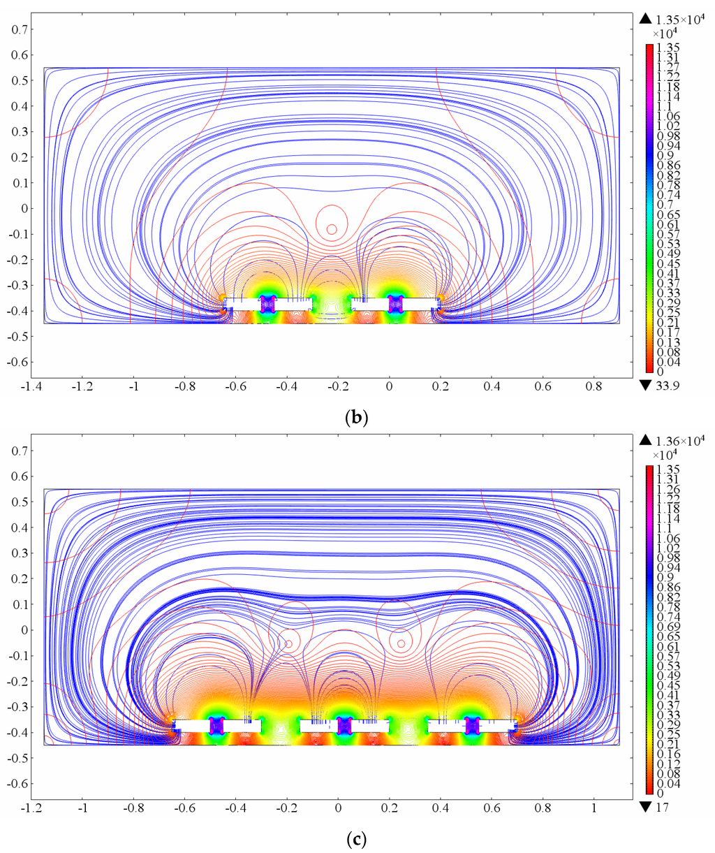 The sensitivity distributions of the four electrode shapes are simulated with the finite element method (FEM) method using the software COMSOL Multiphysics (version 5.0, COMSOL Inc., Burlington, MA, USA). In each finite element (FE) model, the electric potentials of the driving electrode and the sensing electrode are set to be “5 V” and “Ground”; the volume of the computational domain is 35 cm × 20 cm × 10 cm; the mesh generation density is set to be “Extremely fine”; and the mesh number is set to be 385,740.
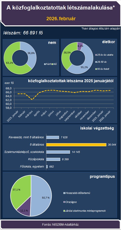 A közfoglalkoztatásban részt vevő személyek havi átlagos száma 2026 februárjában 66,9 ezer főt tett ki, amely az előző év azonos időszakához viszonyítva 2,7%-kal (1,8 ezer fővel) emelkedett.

---

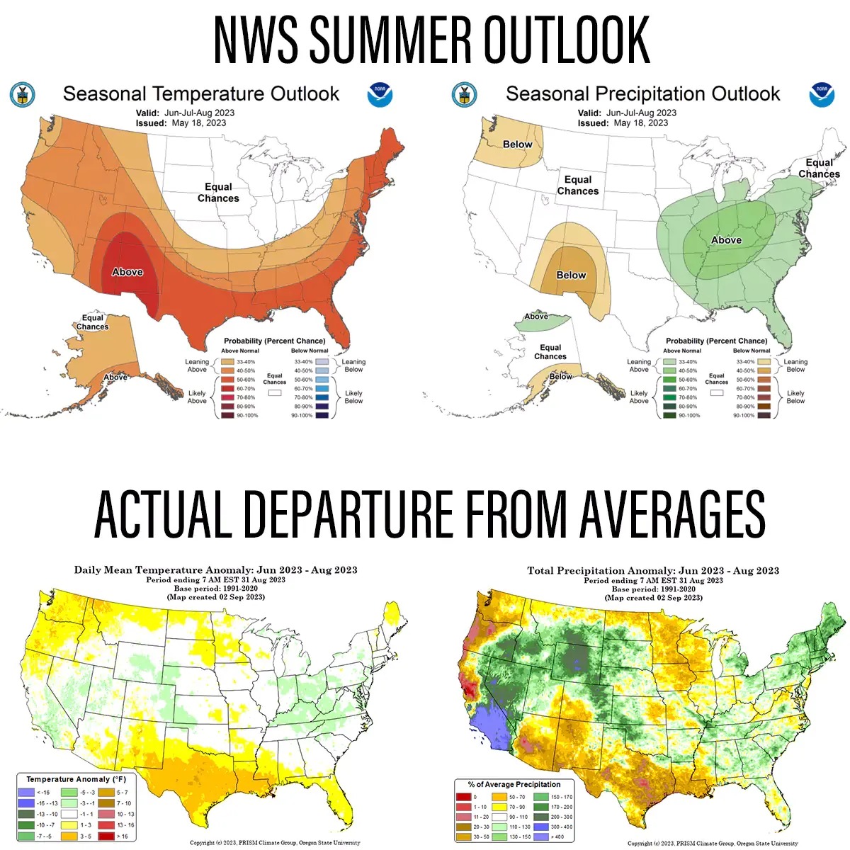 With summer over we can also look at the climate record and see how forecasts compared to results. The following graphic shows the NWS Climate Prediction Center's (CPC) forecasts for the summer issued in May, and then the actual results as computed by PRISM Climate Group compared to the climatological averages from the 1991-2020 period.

Work order
Leave the pictures out. Output, exactly, the lines of the material above starting at the line containing "The sensitivity distributions" and ending at the line containing "A közfoglalkoztatásban részt".

Your response
 The sensitivity distributions of the four electrode shapes are simulated with the finite element method (FEM) method using the software COMSOL Multiphysics (version 5.0, COMSOL Inc., Burlington, MA, USA). In each finite element (FE) model, the electric potentials of the driving electrode and the sensing electrode are set to be “5 V” and “Ground”; the volume of the computational domain is 35 cm × 20 cm × 10 cm; the mesh generation density is set to be “Extremely fine”; and the mesh number is set to be 385,740.
 A közfoglalkoztatásban részt vevő személyek havi átlagos száma 2026 februárjában 66,9 ezer főt tett ki, amely az előző év azonos időszakához viszonyítva 2,7%-kal (1,8 ezer fővel) emelkedett.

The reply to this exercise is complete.